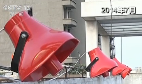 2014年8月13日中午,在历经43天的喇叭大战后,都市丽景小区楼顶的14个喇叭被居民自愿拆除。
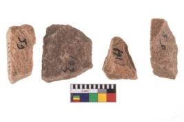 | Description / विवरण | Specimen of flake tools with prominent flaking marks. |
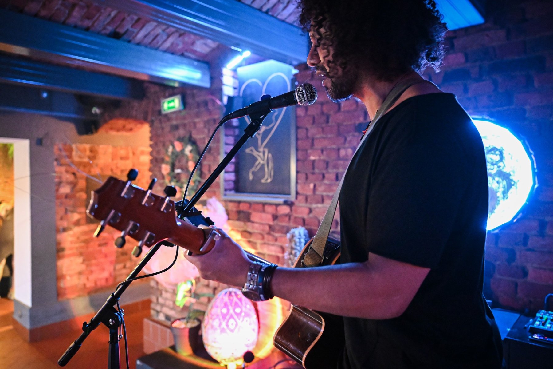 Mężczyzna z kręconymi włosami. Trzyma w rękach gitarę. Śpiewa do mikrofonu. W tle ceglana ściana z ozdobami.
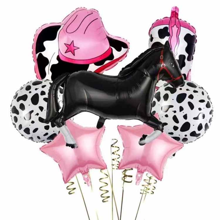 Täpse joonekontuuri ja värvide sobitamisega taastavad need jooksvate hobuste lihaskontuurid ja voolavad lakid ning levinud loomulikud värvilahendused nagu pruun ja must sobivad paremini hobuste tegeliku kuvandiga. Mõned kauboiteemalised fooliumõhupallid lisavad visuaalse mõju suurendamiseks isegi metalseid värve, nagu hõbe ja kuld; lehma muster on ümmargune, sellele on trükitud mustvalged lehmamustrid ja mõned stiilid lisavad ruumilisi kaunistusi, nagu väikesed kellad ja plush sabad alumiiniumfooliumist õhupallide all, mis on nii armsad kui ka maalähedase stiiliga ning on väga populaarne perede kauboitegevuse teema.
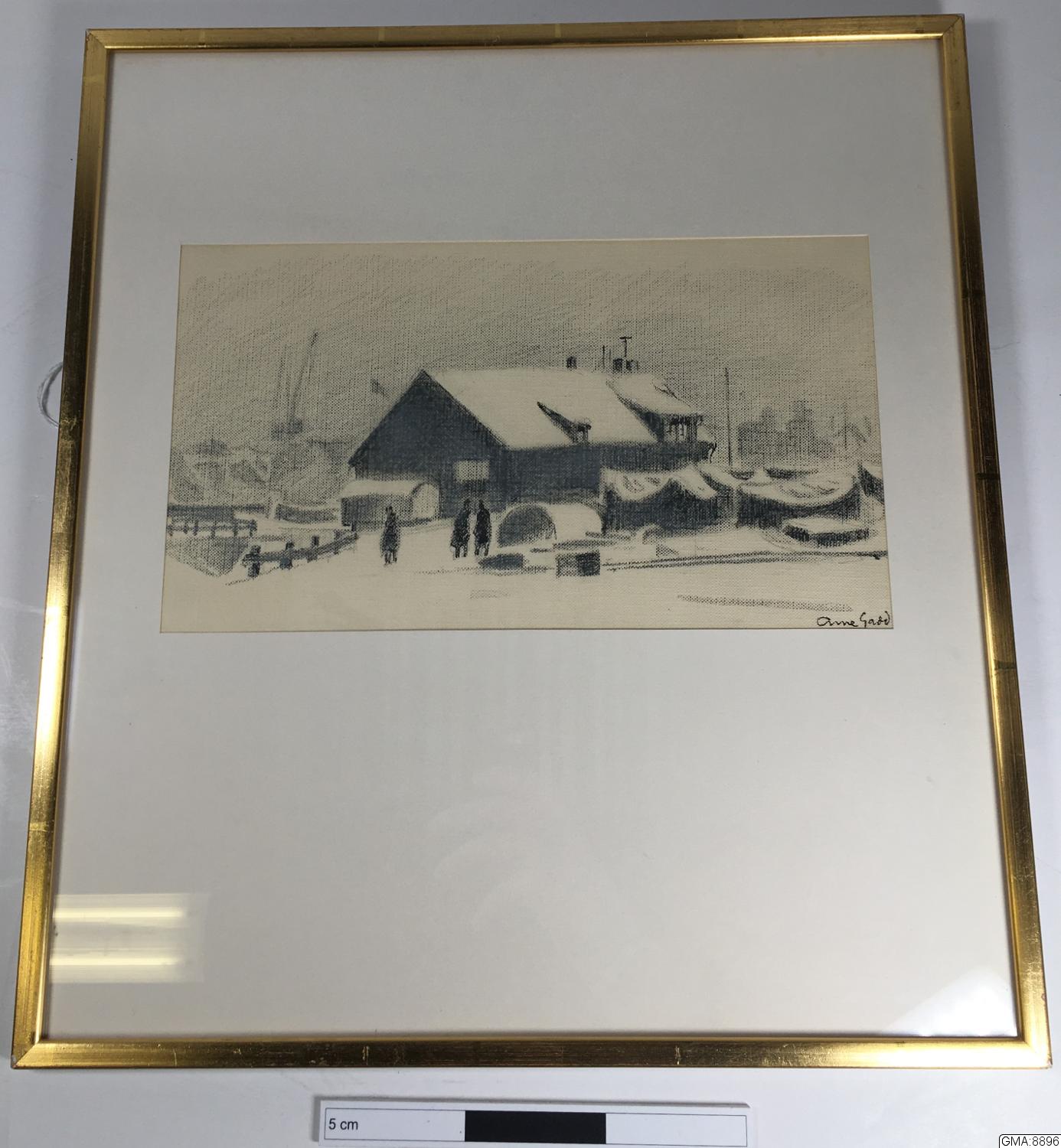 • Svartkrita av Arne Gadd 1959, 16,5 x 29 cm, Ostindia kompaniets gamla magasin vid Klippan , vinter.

# # # # #

* Exercise aim *
Pictures stay out of the copy. Reproduce exactly the lines from the one containing "Täpse joonekontuuri ja" through the last line of the records above, both included.

* Output for this task *
 Täpse joonekontuuri ja värvide sobitamisega taastavad need jooksvate hobuste lihaskontuurid ja voolavad lakid ning levinud loomulikud värvilahendused nagu pruun ja must sobivad paremini hobuste tegeliku kuvandiga. Mõned kauboiteemalised fooliumõhupallid lisavad visuaalse mõju suurendamiseks isegi metalseid värve, nagu hõbe ja kuld; lehma muster on ümmargune, sellele on trükitud mustvalged lehmamustrid ja mõned stiilid lisavad ruumilisi kaunistusi, nagu väikesed kellad ja plush sabad alumiiniumfooliumist õhupallide all, mis on nii armsad kui ka maalähedase stiiliga ning on väga populaarne perede kauboitegevuse teema.
 • Svartkrita av Arne Gadd 1959, 16,5 x 29 cm, Ostindia kompaniets gamla magasin vid Klippan , vinter.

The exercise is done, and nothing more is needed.